Energy Dome, the Italian energy equipment and solutions company, has reportedly announced plans to unveil the first demo project of its CO2-based energy storage solution, which is a 4MWh system based in Sardinia, Italy, while also confirming plans for its Series B.

Following an early phase of operational processes to verify its performance, the 2.5MW/4MWh CO2 Battery plant is now fully up and running. According to sources, construction began well over a year ago and included a team of professionals in process engineering, turbomachinery, and energy.

The firm's technique uses a 4-to-24-hour thermodynamic cycle to dispatch and store energy. It charges by pulling CO2 from a massive atmospheric gasholder (the Dome) and keeping it under pressure at room temperature, and it discharges by expanding and evaporating the gas into a turbine to generate energy which is then returned to the Dome.

Claudio Spadacini, an entrepreneur and technologist, founded and incorporated Energy Dome three years ago. Barclays, 360 Capital, Third Derivative, and Novum Capital Partners are among the firm's VC backers, who is currently seeking to undertake a Series B investment, having raised a $11 million Series A back in December.

The Milan-based enterprise plans to use its Series A funding to develop a bigger 20MW/100MWh plant. That initiative is being carried out in collaboration with A2A, a utility that took part in the campaign.
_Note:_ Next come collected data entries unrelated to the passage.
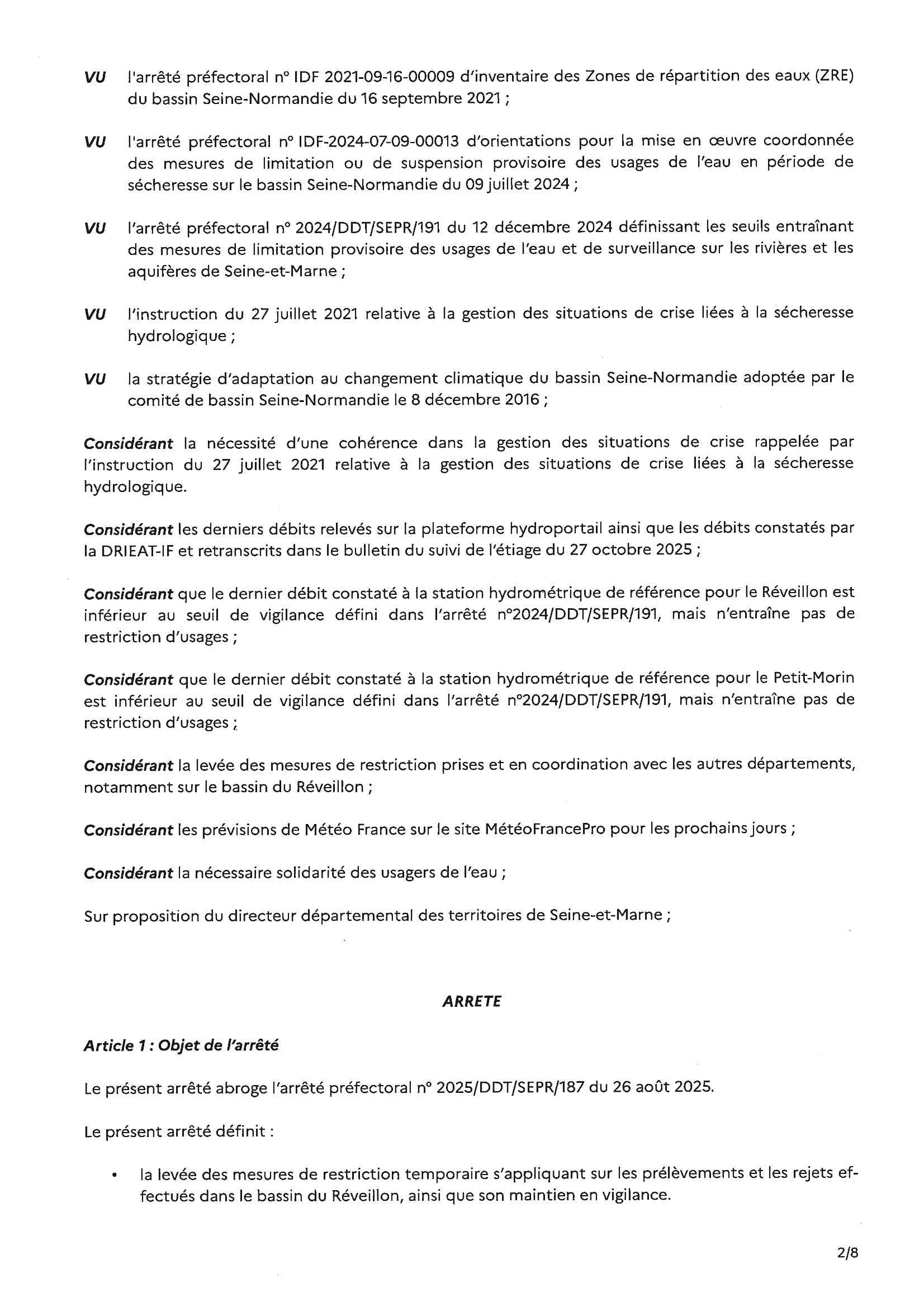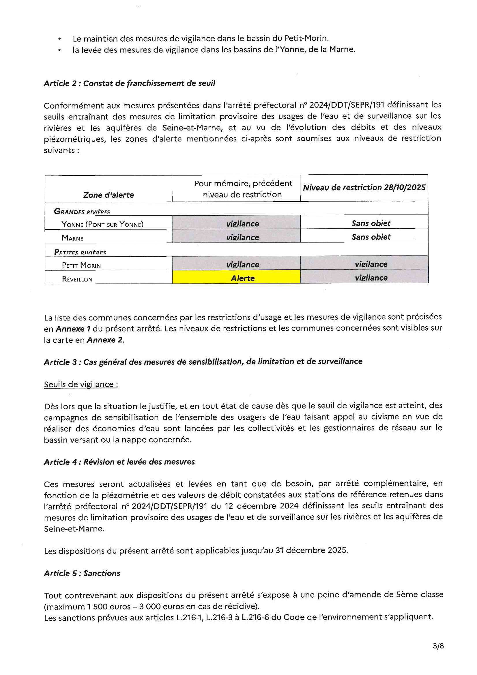 Désormais, seuls les bassins du Réveillon et du Petit Morin demeurent placés en vigilance. Sur ces secteurs, des mesures d’économie d’eau continuent de s’appliquer.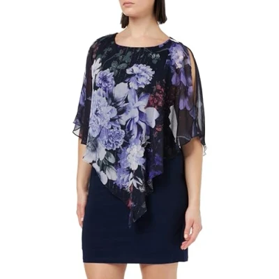 This Gina Bacconi dress features a beautiful dark floral chiffon cape overtop with a fitting stretch jersey dress. A perfect addition to your wardrobe.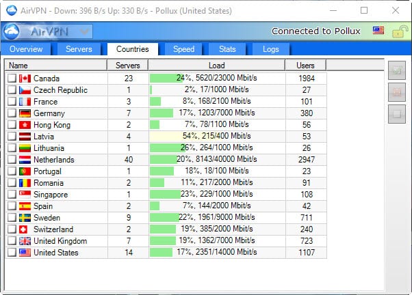 系统中遍布世界各地的各种网络节点信息,并添加了许多行来呈现。他们总部位于澳大利亚,并在美国和荷兰提供 加速器 服务器位置。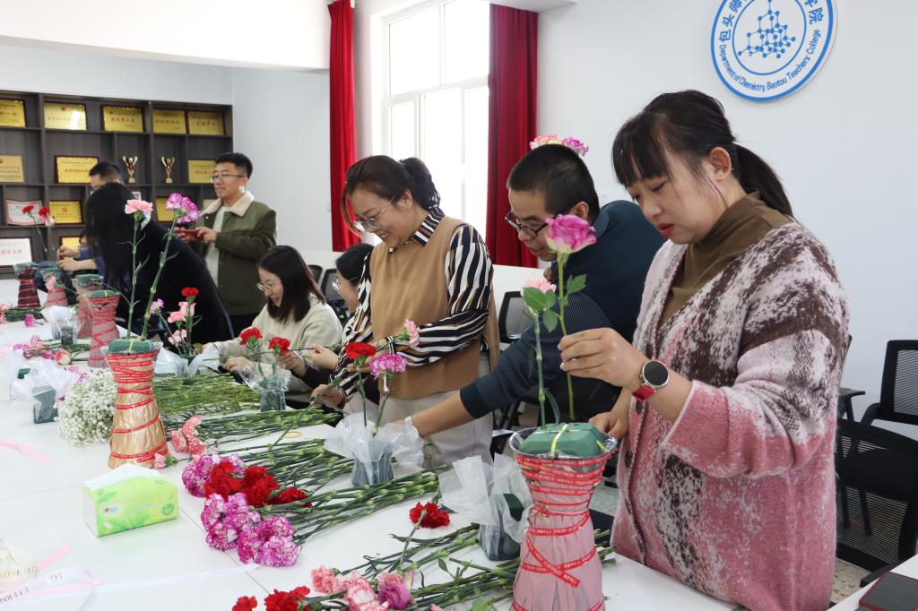 此次妇女节活动,不仅让大家与花相伴,尽情享受了创作的愉悦和艺术的熏陶,也展现出新时代女性自信阳光的精神风采今后将以更加充实饱满的工作热情,投身教学、砥砺芳华,为化学学院建设发展贡献新时代的巾帼力量。(化学学院)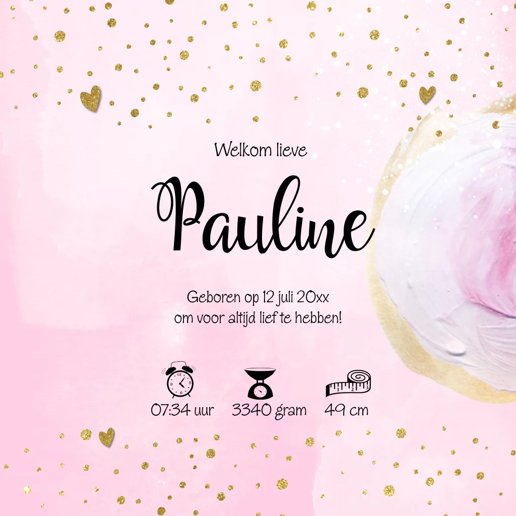 Geboortekaartje meisje met roze glitter goud look. (6961) Dit is een hip kleurrijk geboortekaartje met verf en goud look confettit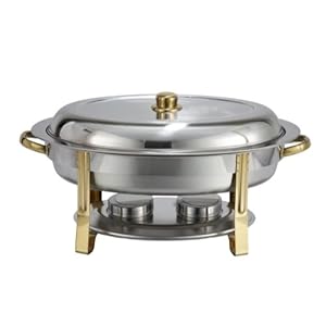 Winware 6 Quart Oval Stainless Steel Gold Accented Chafer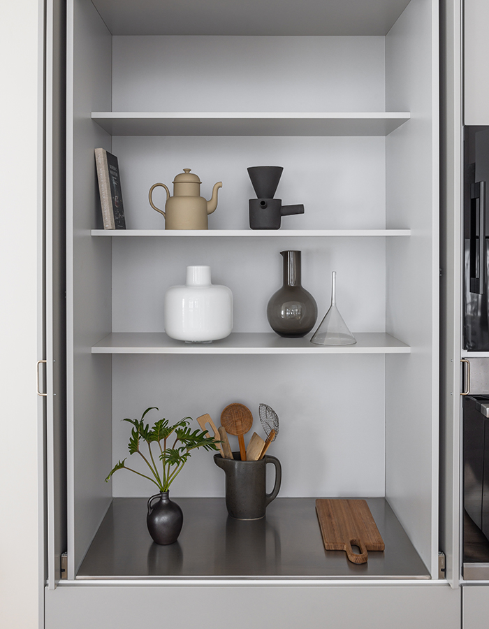 The bottom shelf of the breakfast cabinet is also made of steel. Making coffee is carefree when you do not have to worry about staining splashes.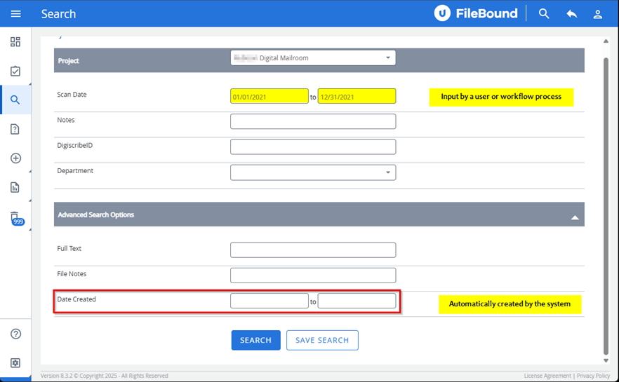 In this example, the Scan Date field is used to locate all files from 2021. If unavailable, Date Created can be used instead.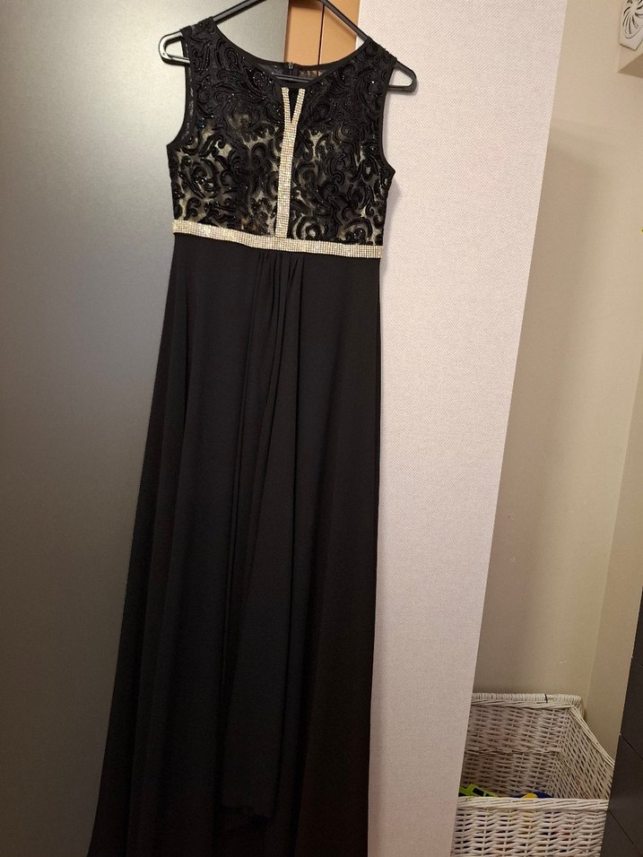 çok şık 38 beden uyumlu ölçü detaylarını görsellerde belirttim V yaka, kolsuz ve dantelli desenlere sahip siyah, fitted uzun abiye elbise. Belinde süslü detay bulunur, düğün için uygun.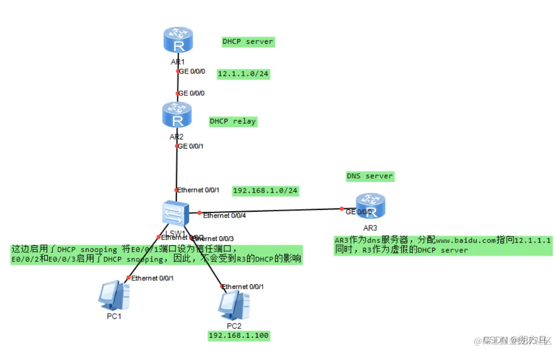 R1作为DHCP服务器,R2作为DHCP中继,R3作为DNS服务器,实现为PC1和PC2分配IP地址,其中,PC2的IP地址分配固定值192.168.1.100,DNS服务器解析要求可以将www.shuofangniao.com解析为12.1.1.1。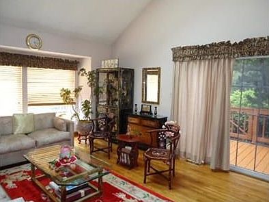 Gated community w/no age limit. 0pen flr plan W/cathedral ceiling.Wood floors throughout first flr.Eat in kitchen.Formal Dining rm.3/sided fireplace.Large wrap around deck w/3 sliders open's to golf course.Finished basement.Newer roof, driveway, washer, dryer and Fridge.New AC/. Walking distance to New York Bus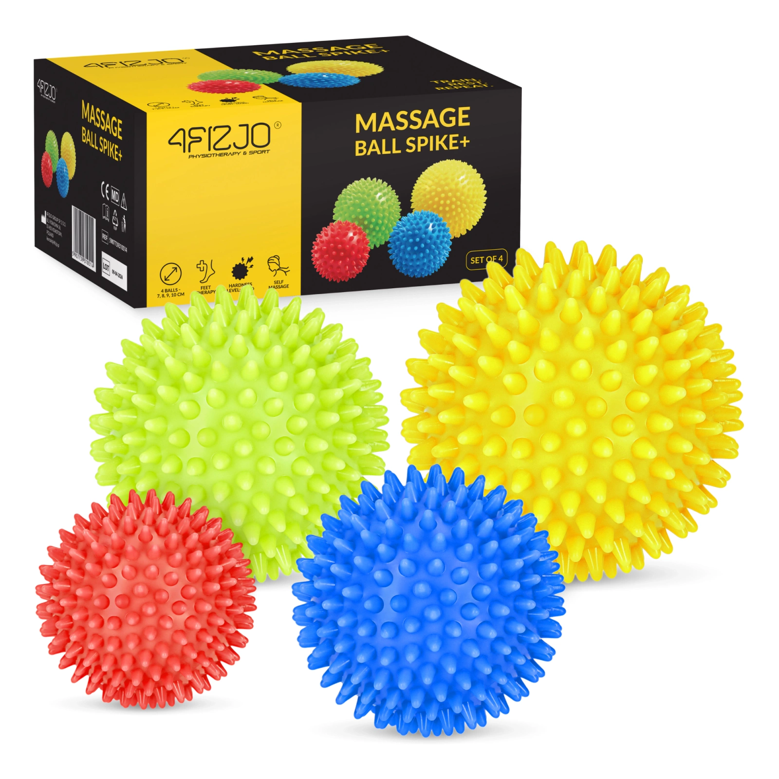 4FIZJO SPIKE+ tüskés masszázslabda készlet, 4 db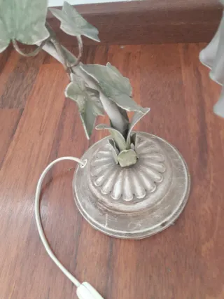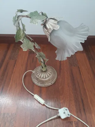Elegante lámpara de forja con un diseño floral . - Base decorativa con relieve. - Tallo curvo adornado con hojas. - Pantalla de cristal con forma de flor.

Ansaldo Energia, an Italian power engineering company, recently signed a global licensing agreement with Energy Dome. Ansaldo will be able to market Energy Dome's technologies in its main markets, where it has a long history of doing business.

Energy Dome stated that its technique offers an energy storage density that is 10-20 times that of conventional compressed air energy storage (CAES) solutions as well as two-thirds that of liquid air energy storage (LAES).

Energy Dome, on the other hand, asserts that its approach does not demand LAES' cryogenic temperatures, which can effectively enhance system competitiveness and complexity.

Corre Energy, which received €20 million ($21.3 million) in 2021 for its green hydrogen generation and compressed air energy storage system is another company offering compressed gas solutions.